Exhibit 10.46.2
EXECUTION COPY
AMENDMENT XX. 0
XXXXXXXXX XX. 0 dated as of February 27, 2004, between BOWATER
INCORPORATED, a Delaware corporation (the "Company"), each of the Subsidiaries
of the Company from time to time designated as "Subsidiary Borrowers" pursuant
to the Credit Agreement (each, a "Subsidiary Borrower" and, together with the
Company, the "Borrowers") and the LENDERS party hereto.
The Borrowers, certain lenders and JPMorgan Chase Bank, as
Administrative Agent, are parties to a Credit Agreement dated as of May 22, 2002
(as heretofore modified and supplemented and in effect on the date hereof, the
"Credit Agreement"), providing, subject to the terms and conditions thereof, for
loans and extensions of credit to be made by said Lenders to the Borrowers in an
aggregate principal or face amount not exceeding $800,000,000 at any one time
outstanding.
The Borrowers wish to amend the Credit Agreement in certain
respects. Accordingly, the parties hereto hereby agree as follows:
Section 1. Definitions.
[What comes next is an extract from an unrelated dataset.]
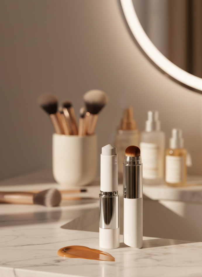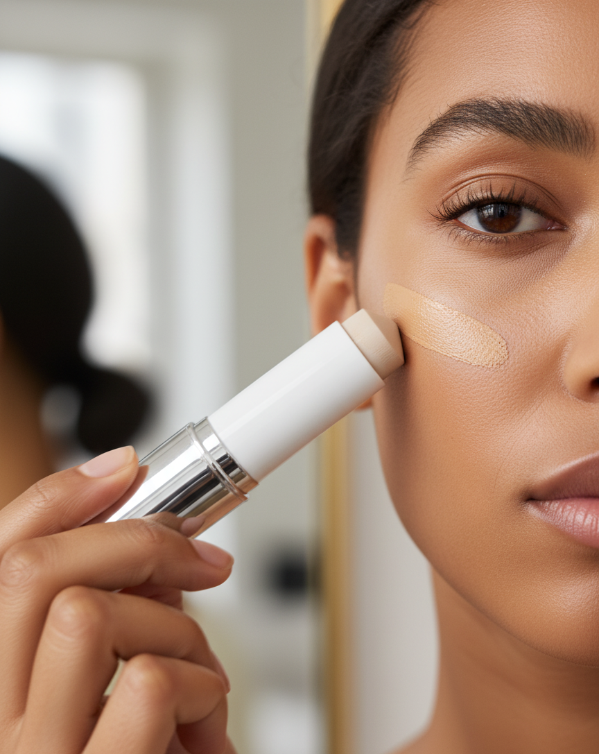 Simply roll the applicator gently over your face, starting from the center and blending outward for even coverage.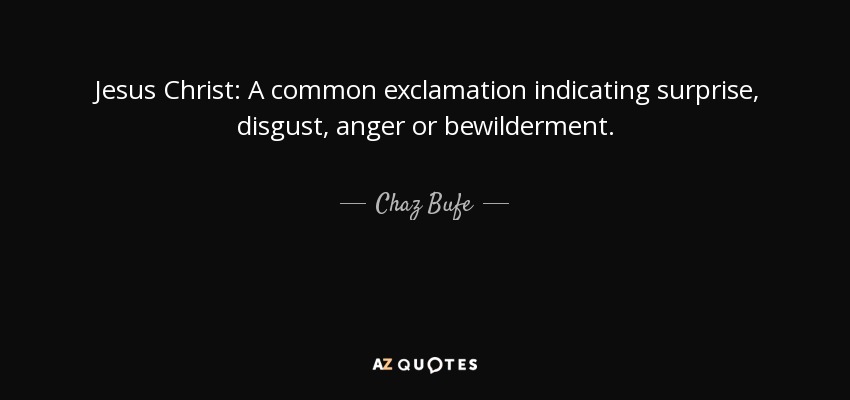 Jesus Christ: A common exclamation indicating surprise, disgust, anger or bewilderment.

Except as otherwise defined in this
Amendment No. 2, terms defined in the Credit Agreement are used herein as
defined therein.
Section 2. Amendments. Subject to the satisfaction of the
conditions precedent specified in Section 4 below, but effective as of the date
hereof, the Credit Agreement shall be amended as follows:
2.01. References in the Credit Agreement (including references
to the Credit Agreement as amended hereby) to "this Agreement" (and indirect
references such as "hereunder", "hereby", "herein" and "hereof) shall be deemed
to be references to the Credit Agreement as amended hereby.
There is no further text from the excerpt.